Your SDK will automatically be published to PyPI when you create a GitHub release with a version tag:

  1. Create a GitHub release with a version tag (for example, v1.0.0)
  2. The CI workflow will run automatically and publish to PyPI
  3. View your package on PyPI to confirm the version

Set up a release workflow via GitHub Actions so you can trigger new SDK releases directly from your source repository.

If you prefer to trigger publishes manually from your source repository, set up a release workflow via GitHub Actions.

1

Add secret for your Fern API key

  1. Open your Fern repository on GitHub and go to Settings > Secrets and variables > Actions
  2. Select New repository secret
  3. Name your secret FERN_TOKEN
  4. Add your Fern API key. If you don’t already have one, generate one by running fern token. By default, the API key is generated for the organization listed in fern.config.json.
  5. Click Add secret

If you use token-based authentication, also add a PYPI_TOKEN secret with your PyPI token.

2

Set up a new workflow

Set up a CI workflow that you can manually trigger from the GitHub UI. In your repository, navigate to Actions. Select New workflow, then Set up workflow yourself. Add a workflow that’s similar to this:

.github/workflows/publish.yml
1name: Publish Python SDK
2
3on:
4 workflow_dispatch:
5 inputs:
6 version:
7 description: "The version of the Python SDK that you would like to release"
8 required: true
9 type: string
10
11jobs:
12 release:
13 runs-on: ubuntu-latest
14 steps:
15 - name: Checkout repo
16 uses: actions/checkout@v4
17
18 - name: Install Fern CLI
19 run: npm install -g fern-api
20
21 - name: Release Python SDK
22 env:
23 FERN_TOKEN: ${{ secrets.FERN_TOKEN }}
24 PYPI_TOKEN: ${{ secrets.PYPI_TOKEN }} # Only needed for token-based authentication
25 run: |
26 fern generate --group python-sdk --version ${{ inputs.version }} --log-level debug
3

Regenerate and release your SDK

Navigate to the Actions tab, select the workflow you just created, specify a version number, and click Run workflow. This regenerates your SDK.

Running Python publish workflow

The rest of the release process depends on your chosen mode:

  • Release mode (default): If you didn’t specify a mode or set mode: release, no further action is required. Fern automatically tags the new release with your specified version number and initiates the publishing workflow in your SDK repository.

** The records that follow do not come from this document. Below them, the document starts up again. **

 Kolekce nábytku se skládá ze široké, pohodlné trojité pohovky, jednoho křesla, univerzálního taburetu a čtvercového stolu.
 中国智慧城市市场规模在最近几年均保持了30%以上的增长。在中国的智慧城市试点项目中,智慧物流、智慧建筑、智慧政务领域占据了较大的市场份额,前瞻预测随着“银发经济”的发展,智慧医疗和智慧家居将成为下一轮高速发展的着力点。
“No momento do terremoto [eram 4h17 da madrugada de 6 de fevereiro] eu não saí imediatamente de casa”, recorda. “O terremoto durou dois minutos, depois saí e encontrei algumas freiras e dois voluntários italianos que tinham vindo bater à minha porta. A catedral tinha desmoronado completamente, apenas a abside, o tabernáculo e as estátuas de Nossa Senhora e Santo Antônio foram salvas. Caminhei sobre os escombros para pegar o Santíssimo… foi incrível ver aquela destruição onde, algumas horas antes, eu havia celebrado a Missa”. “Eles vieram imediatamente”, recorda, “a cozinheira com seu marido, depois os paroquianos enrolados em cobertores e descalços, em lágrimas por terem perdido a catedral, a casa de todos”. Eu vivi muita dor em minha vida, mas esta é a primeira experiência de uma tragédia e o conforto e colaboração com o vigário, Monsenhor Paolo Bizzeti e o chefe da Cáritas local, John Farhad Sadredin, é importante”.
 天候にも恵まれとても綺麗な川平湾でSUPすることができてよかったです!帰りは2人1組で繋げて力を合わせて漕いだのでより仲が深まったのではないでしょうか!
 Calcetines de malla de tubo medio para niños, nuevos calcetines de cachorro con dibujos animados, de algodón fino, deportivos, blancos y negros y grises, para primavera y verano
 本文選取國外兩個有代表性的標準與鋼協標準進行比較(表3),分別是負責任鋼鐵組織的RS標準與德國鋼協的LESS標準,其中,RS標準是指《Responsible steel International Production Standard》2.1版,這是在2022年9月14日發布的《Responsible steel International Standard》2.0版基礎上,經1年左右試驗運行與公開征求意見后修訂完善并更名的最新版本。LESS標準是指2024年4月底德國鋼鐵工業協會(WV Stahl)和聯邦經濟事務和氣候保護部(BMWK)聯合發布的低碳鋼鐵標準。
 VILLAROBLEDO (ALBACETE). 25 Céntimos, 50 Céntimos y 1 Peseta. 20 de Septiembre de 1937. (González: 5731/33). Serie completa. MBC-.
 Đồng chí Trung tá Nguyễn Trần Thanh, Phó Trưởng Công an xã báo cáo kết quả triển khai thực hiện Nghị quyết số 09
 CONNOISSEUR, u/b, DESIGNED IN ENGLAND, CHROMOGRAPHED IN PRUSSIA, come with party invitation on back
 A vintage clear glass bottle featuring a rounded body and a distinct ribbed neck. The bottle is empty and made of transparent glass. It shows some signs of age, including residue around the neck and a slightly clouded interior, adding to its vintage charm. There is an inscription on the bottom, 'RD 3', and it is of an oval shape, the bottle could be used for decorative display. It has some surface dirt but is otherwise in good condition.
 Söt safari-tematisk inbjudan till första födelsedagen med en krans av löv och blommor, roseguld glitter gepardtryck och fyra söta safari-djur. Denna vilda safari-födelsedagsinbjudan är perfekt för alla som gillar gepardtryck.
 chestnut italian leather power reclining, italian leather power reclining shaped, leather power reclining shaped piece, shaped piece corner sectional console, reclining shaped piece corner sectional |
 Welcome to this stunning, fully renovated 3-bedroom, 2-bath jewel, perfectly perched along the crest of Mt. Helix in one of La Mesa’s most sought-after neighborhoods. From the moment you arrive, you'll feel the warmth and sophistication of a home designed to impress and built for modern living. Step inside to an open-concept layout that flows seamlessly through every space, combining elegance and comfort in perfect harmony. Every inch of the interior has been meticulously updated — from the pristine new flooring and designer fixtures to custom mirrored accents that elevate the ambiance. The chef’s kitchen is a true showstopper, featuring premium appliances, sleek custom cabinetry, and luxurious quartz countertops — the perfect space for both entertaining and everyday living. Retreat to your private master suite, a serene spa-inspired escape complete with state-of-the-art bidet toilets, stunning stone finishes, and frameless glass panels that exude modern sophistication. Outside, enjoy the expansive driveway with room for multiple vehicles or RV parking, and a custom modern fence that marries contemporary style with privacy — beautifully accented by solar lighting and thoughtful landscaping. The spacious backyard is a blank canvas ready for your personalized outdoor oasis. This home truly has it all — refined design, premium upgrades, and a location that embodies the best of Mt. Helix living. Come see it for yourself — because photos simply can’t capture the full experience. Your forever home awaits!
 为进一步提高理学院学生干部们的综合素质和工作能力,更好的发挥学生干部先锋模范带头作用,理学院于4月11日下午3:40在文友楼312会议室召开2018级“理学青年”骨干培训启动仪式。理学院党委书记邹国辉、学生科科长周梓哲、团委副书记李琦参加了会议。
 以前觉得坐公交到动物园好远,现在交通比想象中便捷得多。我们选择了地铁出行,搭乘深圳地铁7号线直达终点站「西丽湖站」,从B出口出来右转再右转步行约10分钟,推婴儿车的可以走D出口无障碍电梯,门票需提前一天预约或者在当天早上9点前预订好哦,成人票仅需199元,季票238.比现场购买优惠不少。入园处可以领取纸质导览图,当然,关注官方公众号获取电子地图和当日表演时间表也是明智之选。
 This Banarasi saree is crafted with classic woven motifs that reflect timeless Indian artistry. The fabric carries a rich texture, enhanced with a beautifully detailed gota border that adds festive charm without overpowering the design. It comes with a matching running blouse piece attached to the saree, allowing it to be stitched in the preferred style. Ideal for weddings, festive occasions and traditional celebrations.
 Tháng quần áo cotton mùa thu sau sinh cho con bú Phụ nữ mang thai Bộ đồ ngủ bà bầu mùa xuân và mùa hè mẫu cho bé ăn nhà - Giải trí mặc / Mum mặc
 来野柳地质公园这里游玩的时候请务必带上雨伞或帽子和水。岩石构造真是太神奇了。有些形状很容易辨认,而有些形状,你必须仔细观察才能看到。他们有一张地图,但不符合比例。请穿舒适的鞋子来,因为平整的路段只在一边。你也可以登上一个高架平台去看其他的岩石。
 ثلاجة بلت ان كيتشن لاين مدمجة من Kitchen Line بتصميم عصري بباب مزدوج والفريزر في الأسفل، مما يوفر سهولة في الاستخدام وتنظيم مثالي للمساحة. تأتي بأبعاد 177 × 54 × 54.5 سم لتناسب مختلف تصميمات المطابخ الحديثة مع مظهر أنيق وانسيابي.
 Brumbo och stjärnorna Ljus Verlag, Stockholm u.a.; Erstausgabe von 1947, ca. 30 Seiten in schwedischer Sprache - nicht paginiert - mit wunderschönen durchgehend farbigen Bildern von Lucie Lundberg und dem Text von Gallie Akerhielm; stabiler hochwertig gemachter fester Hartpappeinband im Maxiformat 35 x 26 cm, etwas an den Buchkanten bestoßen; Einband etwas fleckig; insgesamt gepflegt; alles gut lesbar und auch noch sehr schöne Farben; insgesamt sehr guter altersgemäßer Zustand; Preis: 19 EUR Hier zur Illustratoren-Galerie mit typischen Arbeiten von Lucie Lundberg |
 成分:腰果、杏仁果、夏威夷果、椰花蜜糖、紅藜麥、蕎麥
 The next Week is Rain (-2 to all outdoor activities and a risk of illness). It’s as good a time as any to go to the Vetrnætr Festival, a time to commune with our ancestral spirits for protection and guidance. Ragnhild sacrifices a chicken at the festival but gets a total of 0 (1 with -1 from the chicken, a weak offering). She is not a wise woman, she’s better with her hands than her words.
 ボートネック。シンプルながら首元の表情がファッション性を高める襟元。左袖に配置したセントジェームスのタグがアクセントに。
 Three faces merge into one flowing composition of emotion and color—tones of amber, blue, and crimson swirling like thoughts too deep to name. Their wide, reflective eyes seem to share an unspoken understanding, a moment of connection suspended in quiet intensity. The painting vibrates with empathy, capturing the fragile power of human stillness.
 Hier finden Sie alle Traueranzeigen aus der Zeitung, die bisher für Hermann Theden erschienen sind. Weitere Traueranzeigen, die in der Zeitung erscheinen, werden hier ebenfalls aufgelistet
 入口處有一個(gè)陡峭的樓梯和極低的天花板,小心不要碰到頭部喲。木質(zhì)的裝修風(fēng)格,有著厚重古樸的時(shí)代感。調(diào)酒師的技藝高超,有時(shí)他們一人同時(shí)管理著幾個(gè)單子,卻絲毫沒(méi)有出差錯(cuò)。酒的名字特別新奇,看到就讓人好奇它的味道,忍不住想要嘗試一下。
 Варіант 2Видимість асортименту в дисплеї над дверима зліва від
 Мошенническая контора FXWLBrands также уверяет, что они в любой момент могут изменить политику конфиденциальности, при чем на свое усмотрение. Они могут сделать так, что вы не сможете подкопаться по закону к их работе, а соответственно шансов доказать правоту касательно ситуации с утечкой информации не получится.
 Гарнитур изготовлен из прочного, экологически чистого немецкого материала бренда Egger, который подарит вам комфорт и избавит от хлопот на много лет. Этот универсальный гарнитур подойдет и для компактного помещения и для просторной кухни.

  • Pull request or push mode: If you set mode: pull-request or mode: push, Fern creates a pull request or pushes to a branch respectively. Review and merge the PR (pull-request) or branch (push), then tag a new release to initiate the publishing workflow in your SDK repository.

Once the workflow completes, you can view your new release by logging into PyPi and navigating to Your projects.

1

Set PyPI environment variable

If you use token-based authentication, set the PYPI_TOKEN environment variable on your local machine:

$export PYPI_TOKEN=your-actual-pypi-token
2

Regenerate and release your SDK

Regenerate your SDK, specifying the version:

$fern generate --group python-sdk --version <version>

The rest of the release process depends on your chosen mode:

  • Release mode (default): If you didn’t specify a mode or set mode: release, no further action is required. Fern automatically tags the new release with your specified version number and initiates the publishing workflow in your SDK repository.

  • Pull request or push mode: If you set mode: pull-request or mode: push, Fern creates a pull request or pushes to a branch respectively. Review and merge the PR (pull-request) or branch (push), then tag a new release to initiate the publishing workflow in your SDK repository.

Once the workflow completes, you can view your new release by logging into PyPI and navigating to Your projects.